Decades ago, companies accepted the expense of holding substantial parts inventories as a  necessary operating cost. Then along came “Just in Time” (JIT), enabling manufacturers to delegate that responsibility to their suppliers, who undertook to deliver parts promptly,  whenever needed.  

Unfortunately, JIT simply cannot function in a world where prompt, reliable import/export logistics no longer exist.

“The choice facing manufacturers is to go back to the bad old days of costly, high inventory levels, accept long delays that will hamstring their production schedules, or find a cost-effective way of sourcing components locally. In many cases, this third option can be achieved at relatively low cost via a 3D printer that will consistently deliver industrial-grade components right where they are needed. In this way, AM can replace “just in time”  with “just in place,” said Mr Elving 

There is an interesting environmental spin-off here. 

As “just in place” manufacturing gains ground, exporting parts from country to country will steadily reduce, with manufacturers printing components where they are needed, sourcing Cloud-based programs. This could substantially reduce the carbon footprint of the freight sector. 

Componentry built on 3D printers has earned its stripes many times over, with AM  products widely used across industry, from aerospace to agriculture, and it has passed many extreme tests. 

Australian company Hadal Subsea, makers of the world’s deepest diving submersible,  encountered problems with the stability of the mounts holding its underwater camera and  side scan sonar, due to the immense pressures encountered at depth. There were long delays in having new prototype mounts designed and manufactured. Hadal fast-tracked the process by designing their own prototypes and using a Markforged printer to produce them at their Perth base.

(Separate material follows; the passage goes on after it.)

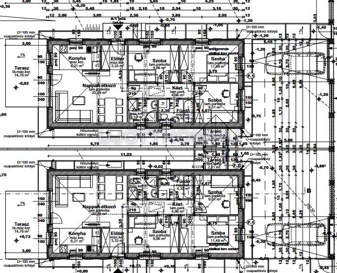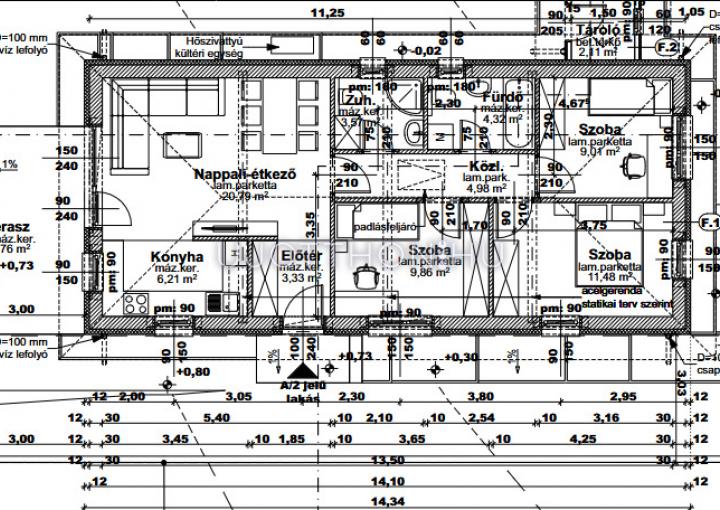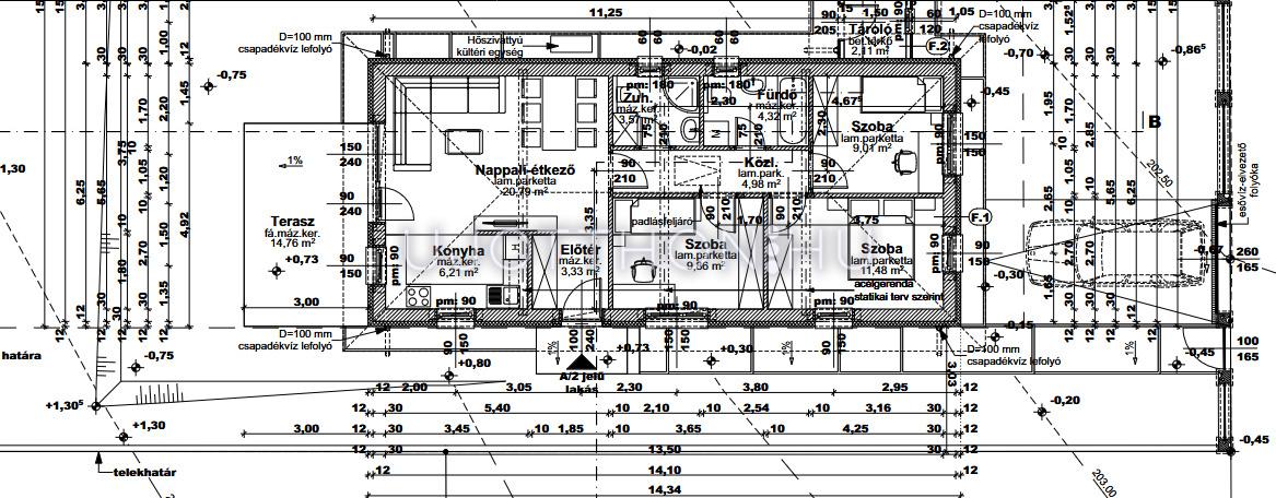 A ház nettó hasznos alapterülete 73,55 nm+2.11 nm tároló+14,76 nm terasz.

They were able to quickly make modifications after testing, and printed the final mounts themselves. These have been used successfully at depths of 11,000  metres, where the pressure exceeds 2,500 tonnes. 

Introducing Markforged’s new printer, Richard Elving said the team developing the FX20  had nicknamed it “The Beast” because it offered more than twice the capacity of the largest Markforged printer made at the time. 

“The good news is that this beast is actually a beauty, and one of its endearing features is  that it works straight out of the box.” 

“Some of the large printers on the market can take literally weeks – even months – to install, set up and configure. With the FX20 you just plug it into the wall, fire up your browser and you’re in business. You can literally uncrate it in the morning and be printing in the afternoon,” he said. 

The printer’s versatility is enhanced by the wide range of materials Markforged has developed – there are presently 28 different options. It is currently the only 3D printer in the world offering continuous carbon fibre reinforcement, for high-performance applications in aerospace, defence, automotive and oil and gas. Carbon fibre-strengthened printed metals can be three times as strong as aluminium.  

The FX20’s operating software is updated on a continuous basis, to provide ongoing improvement of the operation and productivity of the printer. Conventional manufacturing machinery requires ongoing maintenance and repairs if their initial productivity levels are to be sustained over time. By contrast the output rate of the FX20 – like all printers in the 

Markforged range – will increase steadily throughout its working life. Thanks to regular software updates, current printers in the range have shown a three-fold increase in productivity over a five-year period. This makes the printer particularly attractive to companies using it for long production runs, where unit costs will steadily decrease over time. 

“In summary, the FX20 will deliver advanced composite and metal industrial grade end-use parts on demand, at the point of need and, importantly, at costs normally well below those of similar items conventionally manufactured,” said Mr. Elving. 

“Printers and materials of this quality seriously challenge the viability of traditional manufacturing methods, as well as the existing supply chain mentality. 

“To all Australian manufacturers currently reliant on imported parts, and suffering delays  and reputational damage in the process, I would pose one simple question – Is it better to  get it overseas, or overnight?”